--- Supplied material Enclosed Below ---
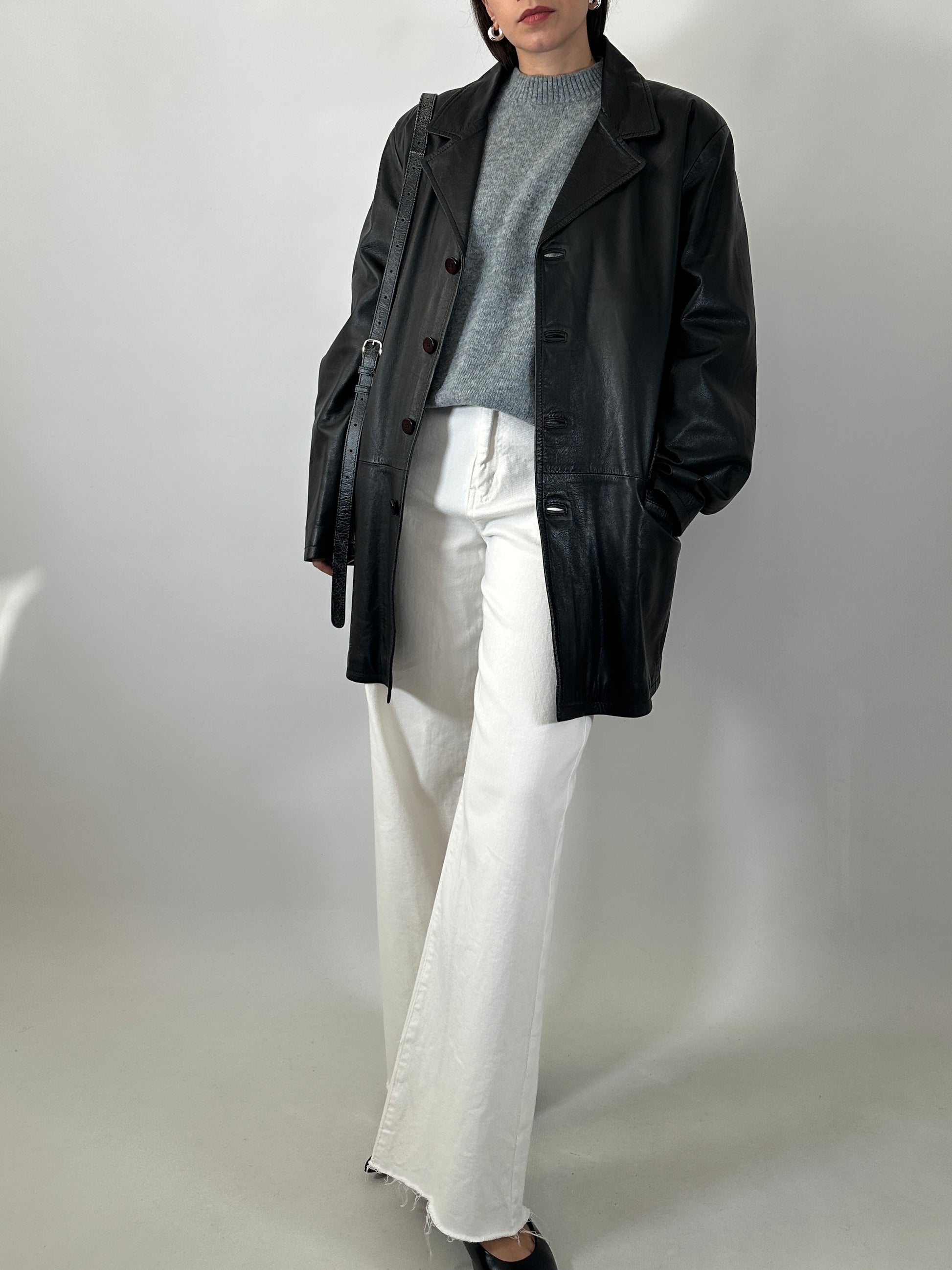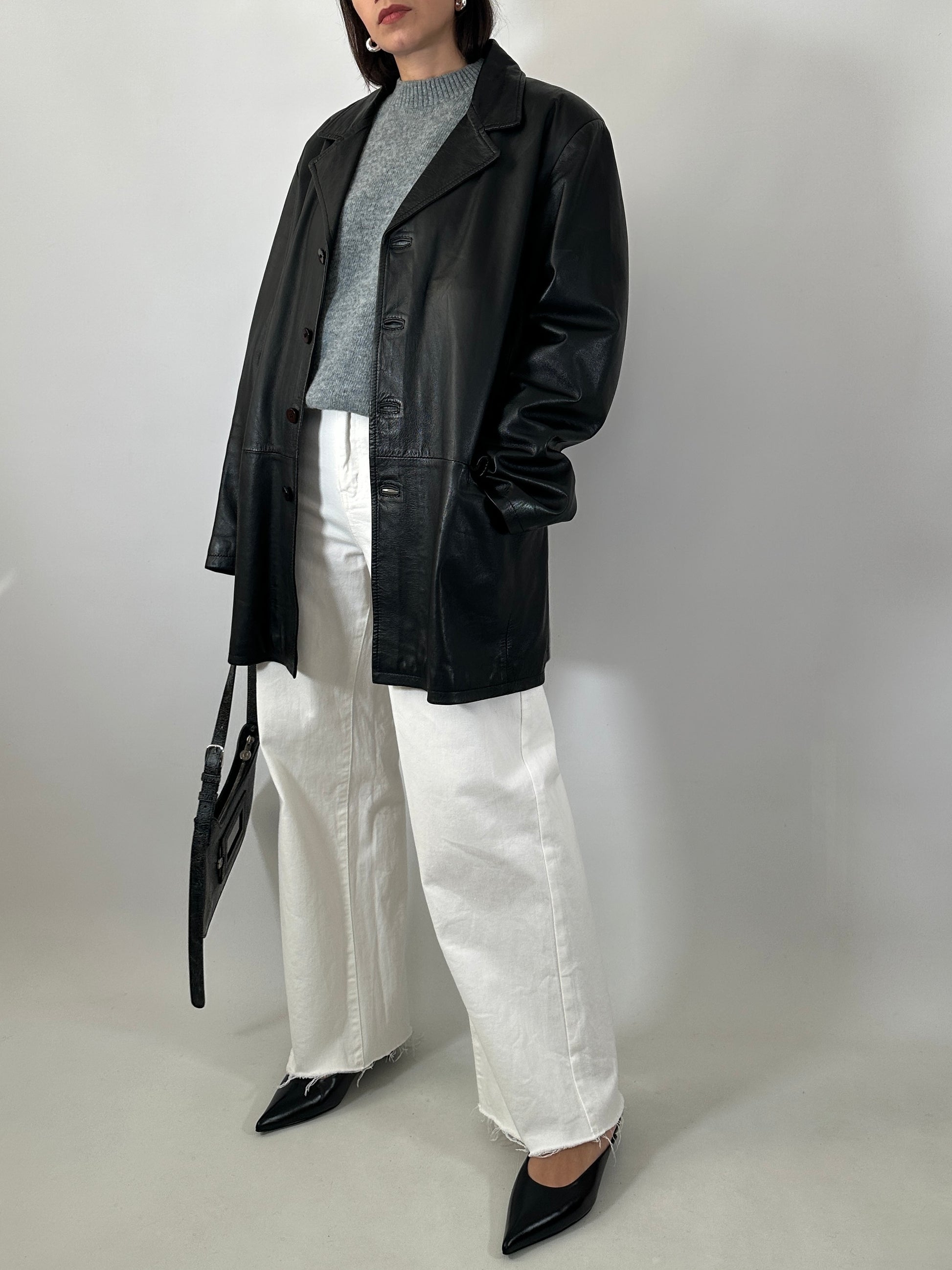 Giacca vintage in morbidissima vera pelle. Taglio classico, rever, monopetto con quattro bottoni, due tasche con patta. Vestibilità dritta, regolare. Lunghezza ai fianchi. Made in Italy.
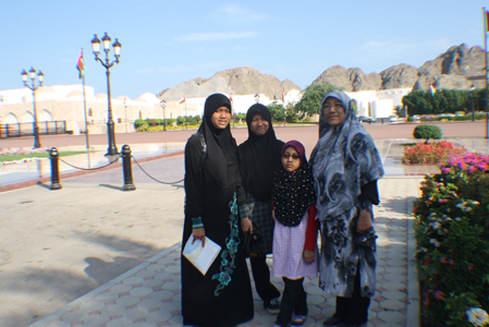 Lepas solat zohor baru aku bawa anak-anak aku berjalan. Bulan Disember di Oman rasanya tidak berapa panas..Telifon teksi, kemudian bincang-bincang harga...Aku bercadang nak jalan-jalan di Souk Muttrah...Teksi tu pun bawa kami ke Muttrah..pasar di sebuah bandar lama agak tradisional dan menjual barang-barang tradisional. Aku tenguk kanan kiri jalan ke Muttrah ditanam dengan pelbagai bunga yang berwarna-warni. Sebahagian besar bunga-bunganya sama yang ada di Malaysia, Contohnya bunga kertas, bunga raya, bunga tahi ayam dan lain-lain. Tapi dijaga dengan baik... Nampak subur dan ceria sekali. Sedangkan asalnya adalah dari kawasan batu pejal dan pasir...tapi guna teknologi nak bagi pokok-pokok itu hidup. Subhanallah...Aku pun puji kecantikan bandar Muscat depan Pak Arab yang bawa teksi tu...Dia pun dengan bangga cerita tentang Oman..Sekejap cakap Inggeris sekejap cakap arab..aku pun belasah layan cakap arab...yang penting boleh faham sudah. Anak-anak aku tolong perbetul kalau Pak arab tu tak faham aku cakap arab...ha.ha. Sampai di Muttrah pasar tak buka lagi...Pak arab tu pun bawak aku ke satu kawasan pentadbiran di Muttrah. Ada istana Sultan Qabus, pejabat-pejabat kerajaan, masjid, kota lama...yang cantiknya ialah lanskap di sekitar kawasan itu..Aku dan anak-anak pun keluarkan DSLR dan snap pemandangan yang cantik-cantik itu.
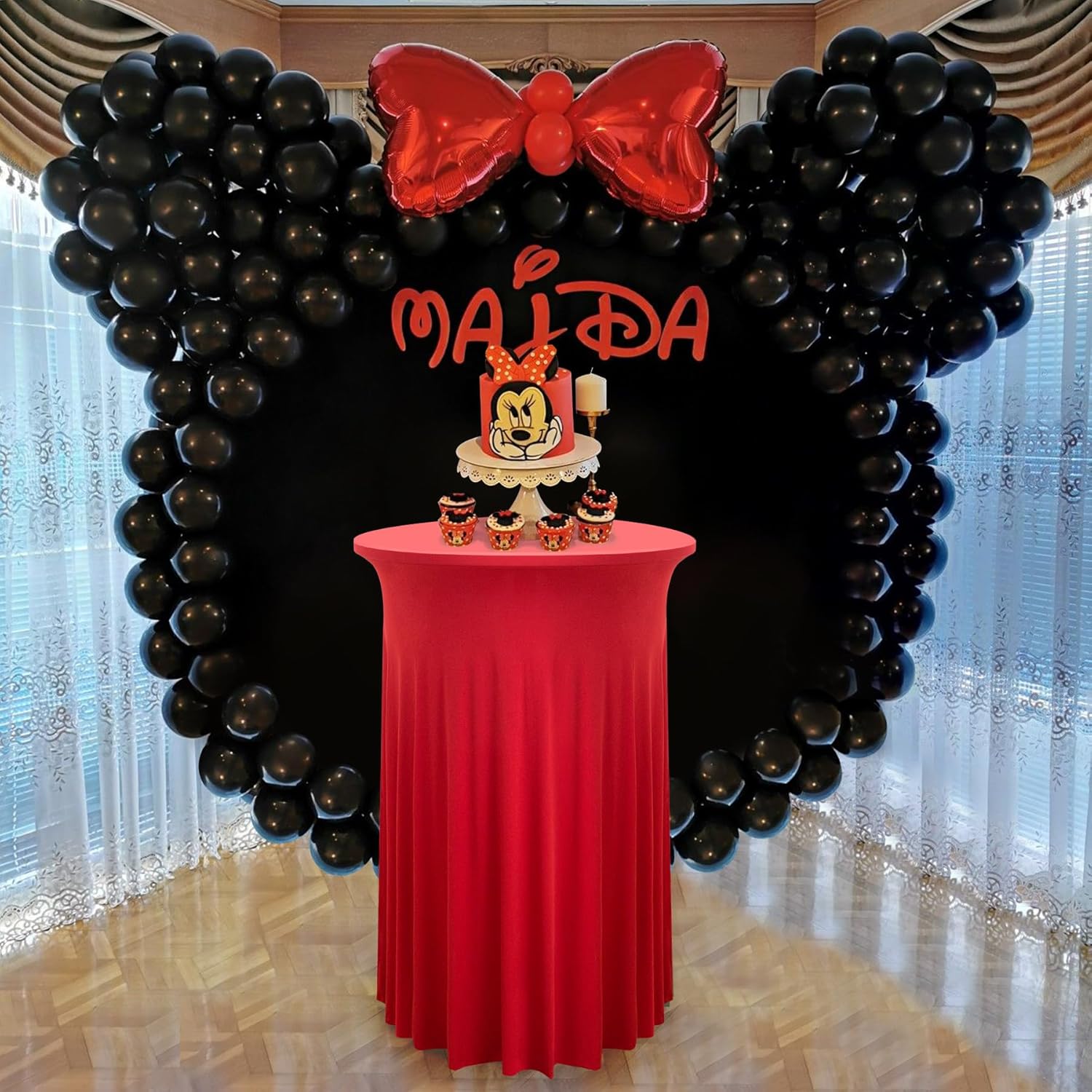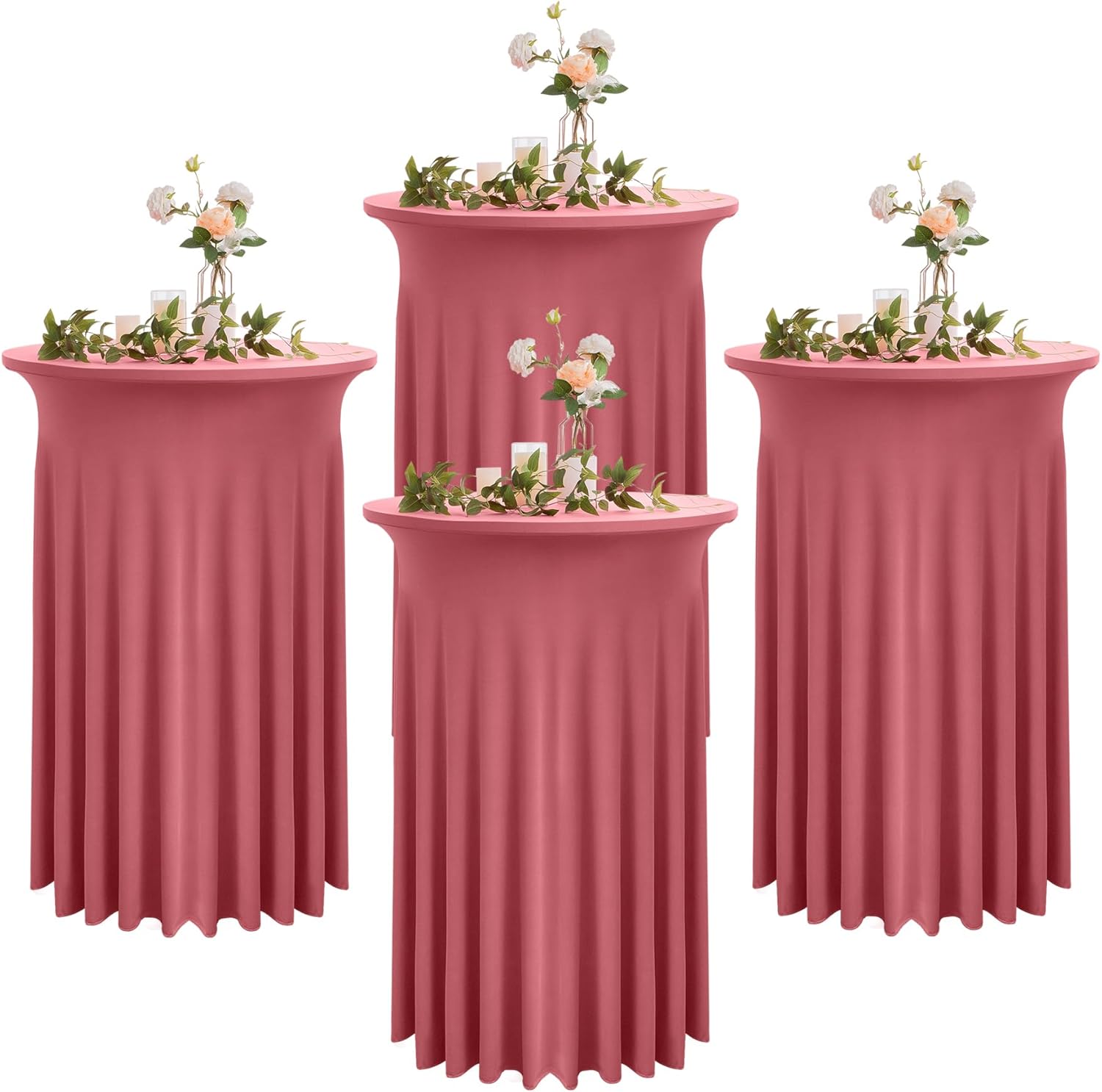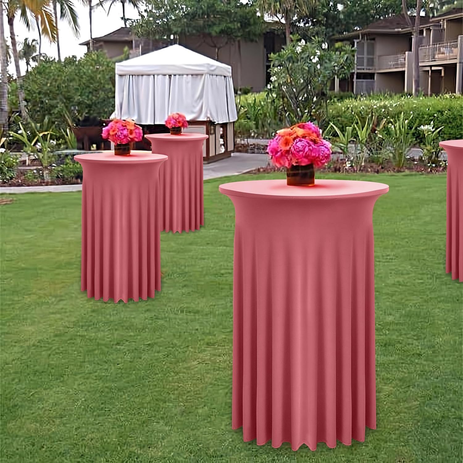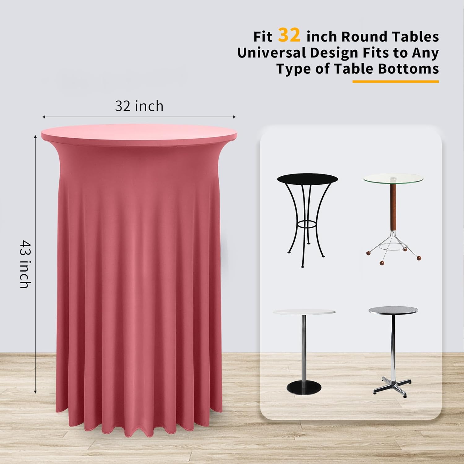6 Pack Red Round High Top Table Cloth 3243 Inch, Wrinkle Free Stretch Spandex Highboy Tablecloths With Skirt for Cocktail Party Banquet Birthday Bar
--- End of Enclosed Supplied material ---
Exercise requirements: Every line of the material above should be repeated exactly, except for the pictures.

Response area:
 Giacca vintage in morbidissima vera pelle. Taglio classico, rever, monopetto con quattro bottoni, due tasche con patta. Vestibilità dritta, regolare. Lunghezza ai fianchi. Made in Italy.
 Lepas solat zohor baru aku bawa anak-anak aku berjalan. Bulan Disember di Oman rasanya tidak berapa panas..Telifon teksi, kemudian bincang-bincang harga...Aku bercadang nak jalan-jalan di Souk Muttrah...Teksi tu pun bawa kami ke Muttrah..pasar di sebuah bandar lama agak tradisional dan menjual barang-barang tradisional. Aku tenguk kanan kiri jalan ke Muttrah ditanam dengan pelbagai bunga yang berwarna-warni. Sebahagian besar bunga-bunganya sama yang ada di Malaysia, Contohnya bunga kertas, bunga raya, bunga tahi ayam dan lain-lain. Tapi dijaga dengan baik... Nampak subur dan ceria sekali. Sedangkan asalnya adalah dari kawasan batu pejal dan pasir...tapi guna teknologi nak bagi pokok-pokok itu hidup. Subhanallah...Aku pun puji kecantikan bandar Muscat depan Pak Arab yang bawa teksi tu...Dia pun dengan bangga cerita tentang Oman..Sekejap cakap Inggeris sekejap cakap arab..aku pun belasah layan cakap arab...yang penting boleh faham sudah. Anak-anak aku tolong perbetul kalau Pak arab tu tak faham aku cakap arab...ha.ha. Sampai di Muttrah pasar tak buka lagi...Pak arab tu pun bawak aku ke satu kawasan pentadbiran di Muttrah. Ada istana Sultan Qabus, pejabat-pejabat kerajaan, masjid, kota lama...yang cantiknya ialah lanskap di sekitar kawasan itu..Aku dan anak-anak pun keluarkan DSLR dan snap pemandangan yang cantik-cantik itu.
6 Pack Red Round High Top Table Cloth 3243 Inch, Wrinkle Free Stretch Spandex Highboy Tablecloths With Skirt for Cocktail Party Banquet Birthday Bar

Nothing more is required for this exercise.